94. Trap Sabbath 2.0
Trap Sabbath is simple enough: two DJs (Ron and Sid) will spin the best of trap, R&B, and other classics in the Den at Chop Suey for a free evening of music.
(Capitol Hill, free)

95. Valley Vibes, Deadly D, Best Band From Earth
Sunset hosts a night of local and touring hiphop and fusion acts with live sets from Valley Vibes, Deadly D, and Best Band From Earth.
(Ballard, $8)


96. Geoffrey Nutter: Cities at Dawn
Poet and educator Geoffrey Nutter (author of collections A Summer Evening, Water's Leaves & Other Poems, Christopher Sunset, and The Rose of January) will read from his latest work, Cities at Dawn.
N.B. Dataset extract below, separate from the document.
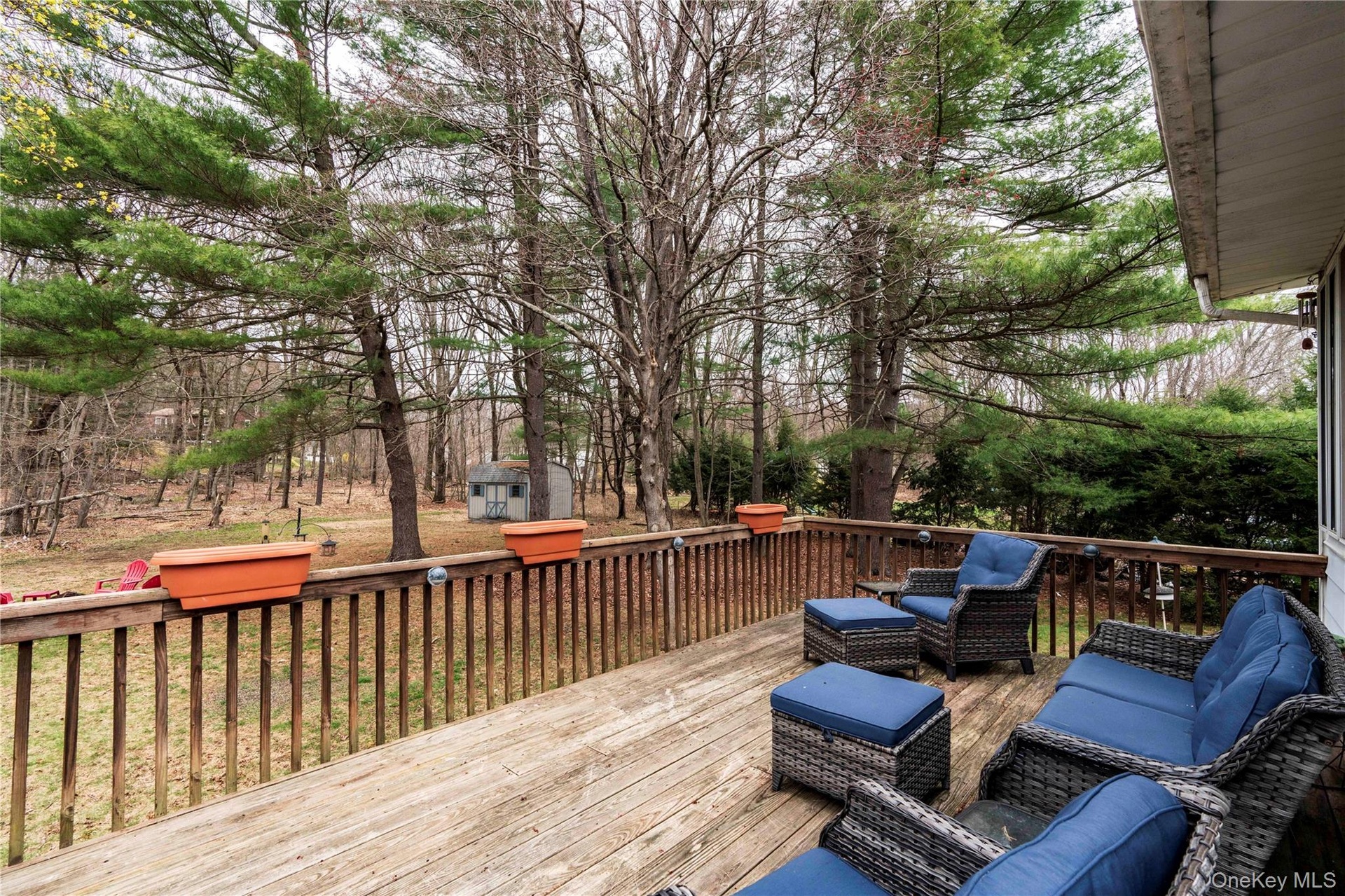 Welcome to this well maintained 3-bedroom, 2-bath raised ranch. NEW ROOF, SEPTIC FIELDS AND DISTRIBUTION BOX just installed 9/25. Ideally located on a quiet street within the desirable Arlington School District—just one mile from the Taconic State Parkway. Set on a private, level 1-acre lot, this home offers the perfect blend of comfort, functionality, and outdoor enjoyment. The sun-drenched main level features hardwood floors and an open-concept layout that seamlessly connects the spacious living and dining areas. The eat-in kitchen offers plenty of room for casual meals and easy entertaining. Step through the sliding glass doors into the inviting 3-season sunroom—an ideal spot to relax with morning coffee or host guests in any season. From the sunroom, walk out onto the expansive deck, perfect for summer grilling while enjoying views of the large, level backyard—ideal for outdoor play, or even a future in-ground pool. Three generous bedrooms and a full bath, along with central A/C, complete the main level. The lower level offers even more living space with a large family room featuring brand-new flooring, a second full bath, and convenient access to the 2-car garage. All this and just minutes from shopping, dining, and the Dutchess Rail Trail. Don’t miss this opportunity to own a move-in ready home in a prime location!

Adam Fitzgerald of The American Reader writes that the material in this collection "obeys the abstract logic at the heart of descriptive writing: the sweet ease of writing’s intangibility, its virtual tease."
(First Hill, free)

97. Sayantani Dasgupta and E.M. Sloan
Authors Sayantani Dasgupta (a physician and author of books that explore intersections of health, narrative, and political/social trends) and E.M. Sloan (When Songbirds Returned to Paris) will come together for conversation.
(Capitol Hill, free)


98. Seattle Gaels' Open Field Day
The Seattle Gaels, a local Irish sports club, will host this field day where you can try out sports you may not be that familiar with (hurling, Gaelic football, camogie) in a friendly, encouraging atmosphere. They recommend that you wear cleats and athletic clothing; they'll provide all the equipment you need.